- [WORK REQUIRED] Repeat every record exactly, but omit the images.

Records excerpted from a collection:
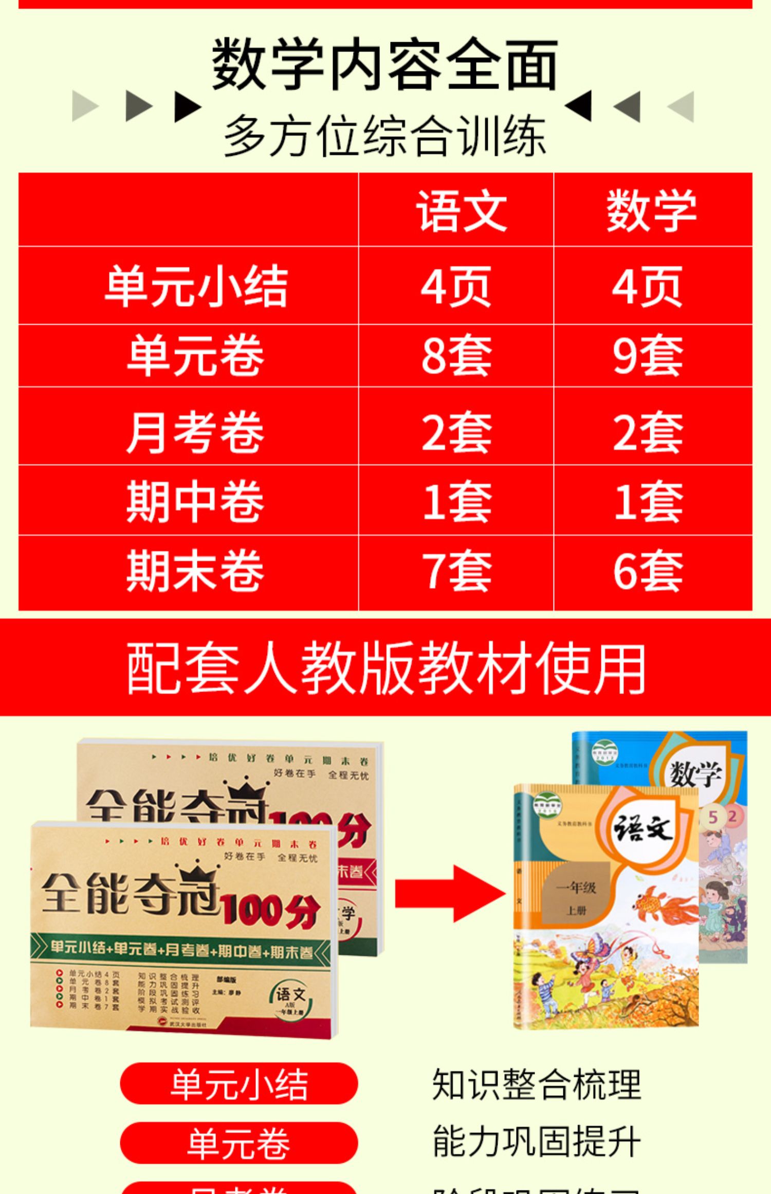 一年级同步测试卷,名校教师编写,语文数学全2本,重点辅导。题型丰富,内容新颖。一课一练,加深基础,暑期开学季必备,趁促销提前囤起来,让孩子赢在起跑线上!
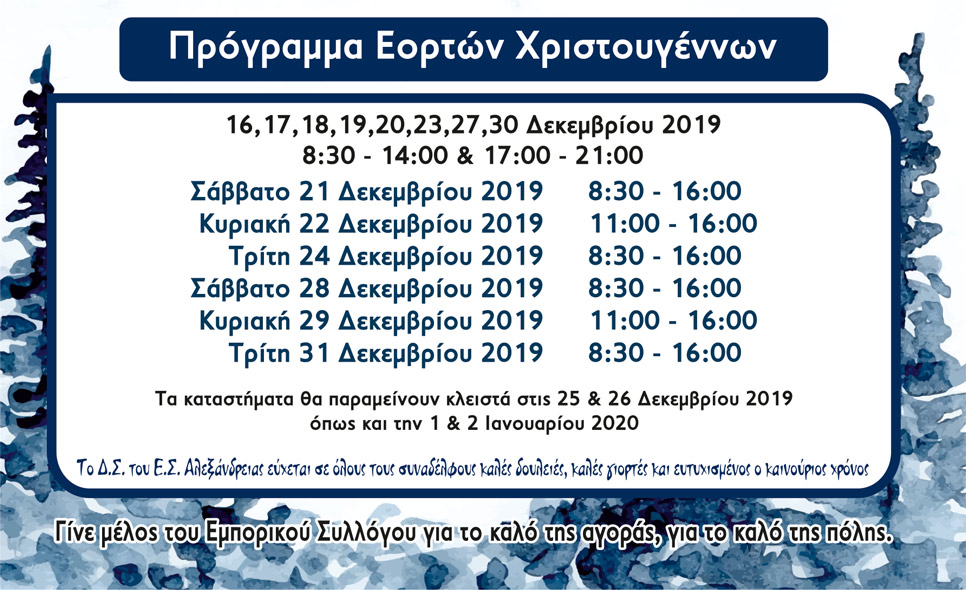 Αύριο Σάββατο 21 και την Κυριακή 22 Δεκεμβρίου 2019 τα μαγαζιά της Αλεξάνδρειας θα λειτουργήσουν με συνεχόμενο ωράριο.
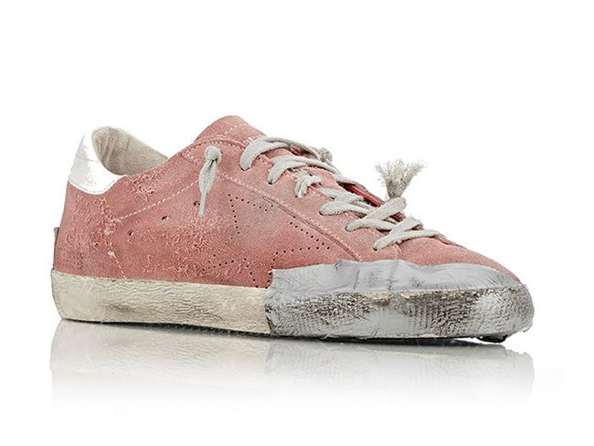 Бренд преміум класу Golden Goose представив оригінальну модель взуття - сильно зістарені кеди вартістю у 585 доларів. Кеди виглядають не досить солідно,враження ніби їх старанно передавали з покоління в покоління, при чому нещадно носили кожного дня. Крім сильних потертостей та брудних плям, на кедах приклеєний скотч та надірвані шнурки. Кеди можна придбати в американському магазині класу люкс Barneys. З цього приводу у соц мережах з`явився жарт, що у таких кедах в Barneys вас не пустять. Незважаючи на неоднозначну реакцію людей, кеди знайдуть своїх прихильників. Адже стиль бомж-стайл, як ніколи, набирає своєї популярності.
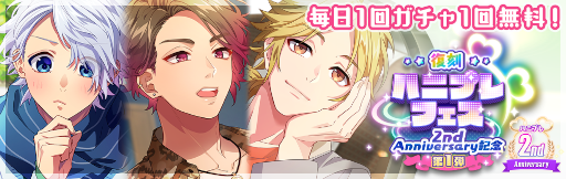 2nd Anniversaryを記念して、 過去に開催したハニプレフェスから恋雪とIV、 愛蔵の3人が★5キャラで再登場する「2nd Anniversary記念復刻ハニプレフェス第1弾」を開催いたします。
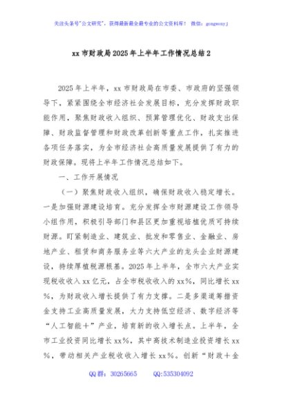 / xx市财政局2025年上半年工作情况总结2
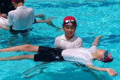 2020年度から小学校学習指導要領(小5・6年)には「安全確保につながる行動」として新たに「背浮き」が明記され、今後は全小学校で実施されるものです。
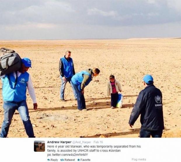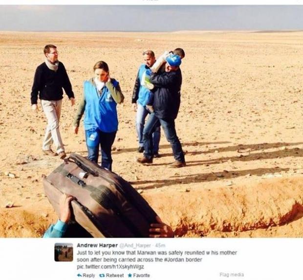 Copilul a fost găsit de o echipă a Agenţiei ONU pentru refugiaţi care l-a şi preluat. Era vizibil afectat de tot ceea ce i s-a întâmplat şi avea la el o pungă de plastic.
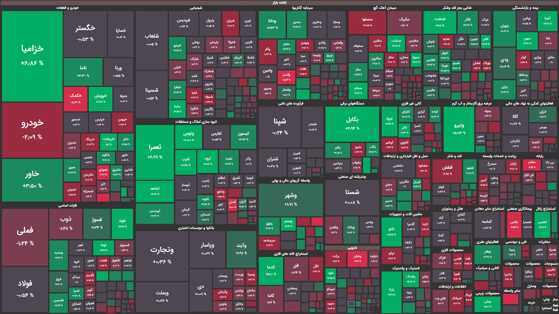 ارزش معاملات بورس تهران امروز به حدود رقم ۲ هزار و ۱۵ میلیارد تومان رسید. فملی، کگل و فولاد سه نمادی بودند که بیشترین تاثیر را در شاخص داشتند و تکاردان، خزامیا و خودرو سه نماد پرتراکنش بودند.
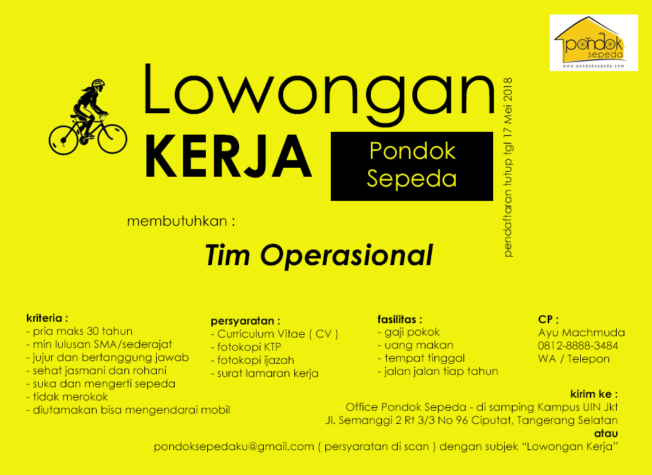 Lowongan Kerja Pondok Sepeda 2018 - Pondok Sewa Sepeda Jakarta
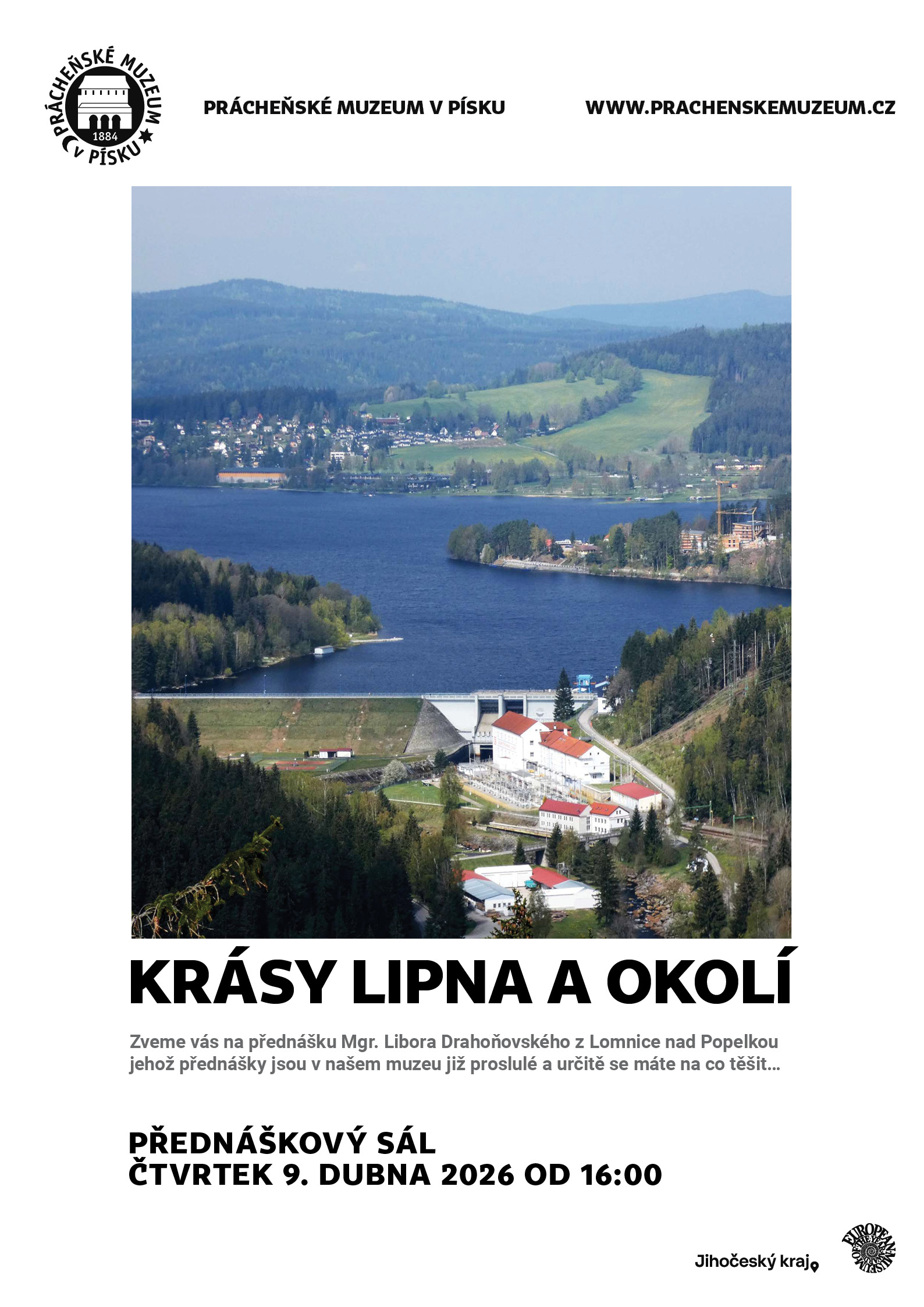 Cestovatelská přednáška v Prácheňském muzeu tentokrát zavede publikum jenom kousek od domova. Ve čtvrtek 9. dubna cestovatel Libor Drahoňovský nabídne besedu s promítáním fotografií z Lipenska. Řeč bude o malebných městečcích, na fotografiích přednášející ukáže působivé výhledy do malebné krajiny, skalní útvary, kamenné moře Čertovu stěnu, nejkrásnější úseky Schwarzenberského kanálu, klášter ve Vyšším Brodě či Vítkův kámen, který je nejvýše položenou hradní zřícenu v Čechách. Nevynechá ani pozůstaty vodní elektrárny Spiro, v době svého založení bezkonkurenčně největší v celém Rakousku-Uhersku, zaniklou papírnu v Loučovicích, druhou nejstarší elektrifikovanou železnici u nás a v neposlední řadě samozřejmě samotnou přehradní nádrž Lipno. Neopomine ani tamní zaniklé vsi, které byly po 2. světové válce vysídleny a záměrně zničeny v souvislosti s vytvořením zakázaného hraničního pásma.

- [EXERCISE OUTPUT]
 一年级同步测试卷,名校教师编写,语文数学全2本,重点辅导。题型丰富,内容新颖。一课一练,加深基础,暑期开学季必备,趁促销提前囤起来,让孩子赢在起跑线上!
 Αύριο Σάββατο 21 και την Κυριακή 22 Δεκεμβρίου 2019 τα μαγαζιά της Αλεξάνδρειας θα λειτουργήσουν με συνεχόμενο ωράριο.
 Бренд преміум класу Golden Goose представив оригінальну модель взуття - сильно зістарені кеди вартістю у 585 доларів. Кеди виглядають не досить солідно,враження ніби їх старанно передавали з покоління в покоління, при чому нещадно носили кожного дня. Крім сильних потертостей та брудних плям, на кедах приклеєний скотч та надірвані шнурки. Кеди можна придбати в американському магазині класу люкс Barneys. З цього приводу у соц мережах з`явився жарт, що у таких кедах в Barneys вас не пустять. Незважаючи на неоднозначну реакцію людей, кеди знайдуть своїх прихильників. Адже стиль бомж-стайл, як ніколи, набирає своєї популярності.
 2nd Anniversaryを記念して、 過去に開催したハニプレフェスから恋雪とIV、 愛蔵の3人が★5キャラで再登場する「2nd Anniversary記念復刻ハニプレフェス第1弾」を開催いたします。
 / xx市财政局2025年上半年工作情况总结2
 2020年度から小学校学習指導要領(小5・6年)には「安全確保につながる行動」として新たに「背浮き」が明記され、今後は全小学校で実施されるものです。
 Copilul a fost găsit de o echipă a Agenţiei ONU pentru refugiaţi care l-a şi preluat. Era vizibil afectat de tot ceea ce i s-a întâmplat şi avea la el o pungă de plastic.
 ارزش معاملات بورس تهران امروز به حدود رقم ۲ هزار و ۱۵ میلیارد تومان رسید. فملی، کگل و فولاد سه نمادی بودند که بیشترین تاثیر را در شاخص داشتند و تکاردان، خزامیا و خودرو سه نماد پرتراکنش بودند.
 Lowongan Kerja Pondok Sepeda 2018 - Pondok Sewa Sepeda Jakarta
 Cestovatelská přednáška v Prácheňském muzeu tentokrát zavede publikum jenom kousek od domova. Ve čtvrtek 9. dubna cestovatel Libor Drahoňovský nabídne besedu s promítáním fotografií z Lipenska. Řeč bude o malebných městečcích, na fotografiích přednášející ukáže působivé výhledy do malebné krajiny, skalní útvary, kamenné moře Čertovu stěnu, nejkrásnější úseky Schwarzenberského kanálu, klášter ve Vyšším Brodě či Vítkův kámen, který je nejvýše položenou hradní zřícenu v Čechách. Nevynechá ani pozůstaty vodní elektrárny Spiro, v době svého založení bezkonkurenčně největší v celém Rakousku-Uhersku, zaniklou papírnu v Loučovicích, druhou nejstarší elektrifikovanou železnici u nás a v neposlední řadě samozřejmě samotnou přehradní nádrž Lipno. Neopomine ani tamní zaniklé vsi, které byly po 2. světové válce vysídleny a záměrně zničeny v souvislosti s vytvořením zakázaného hraničního pásma.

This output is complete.